--- SUPPLIED MATERIAL Enclosed Below ---

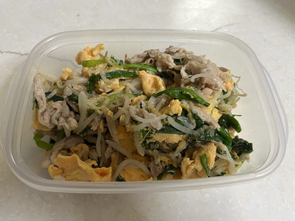 もやしのシャキシャキ感が欲しい人は、5の卵の後にもやしを入れても可。
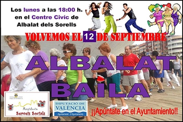 Comença l’11 de setembre i la inscripció és fa l’Ajuntament. No hi ha límit d’edat. Ballar és una manera fàcil i divertida de fer una activitat física. A més anar a ballar obliga a arreglar-es, eixir de casa i contactar amb uneixes altres persones amb la qual cosa és millora l’estat d’ànim i tot el que això suposa.
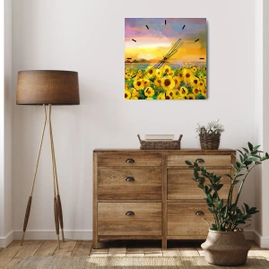 Reloj de pared - Reloj de vidrio - Un campo de girasoles bajo el resplandor del sol poniente. - 30x30cm - El propio sol ha bajado a la Tierra - Decoración de pared moderna para salón, cocina y dormitorio ARTTOR
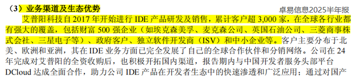 艾普阳科技自2017年开始IDE产品研发和销售,累计客户超3000家,涵盖三星、麦克森等众多财富500强企业。依托艾普阳原有渠道,公司积极开辟海外市场,在英国、瑞士等领域推行产品免费试用和开发者论坛等活动。

--- End of Enclosed SUPPLIED MATERIAL ---

### DIRECTIONS FOR THIS TASK:
Return, exactly and without extra lines, everything from the line with "Reloj de pared" through the last line of the material above, both included. Pictures must be dropped.

### SOLUTION TO THE EXERCISE:
 Reloj de pared - Reloj de vidrio - Un campo de girasoles bajo el resplandor del sol poniente. - 30x30cm - El propio sol ha bajado a la Tierra - Decoración de pared moderna para salón, cocina y dormitorio ARTTOR
 艾普阳科技自2017年开始IDE产品研发和销售,累计客户超3000家,涵盖三星、麦克森等众多财富500强企业。依托艾普阳原有渠道,公司积极开辟海外市场,在英国、瑞士等领域推行产品免费试用和开发者论坛等活动。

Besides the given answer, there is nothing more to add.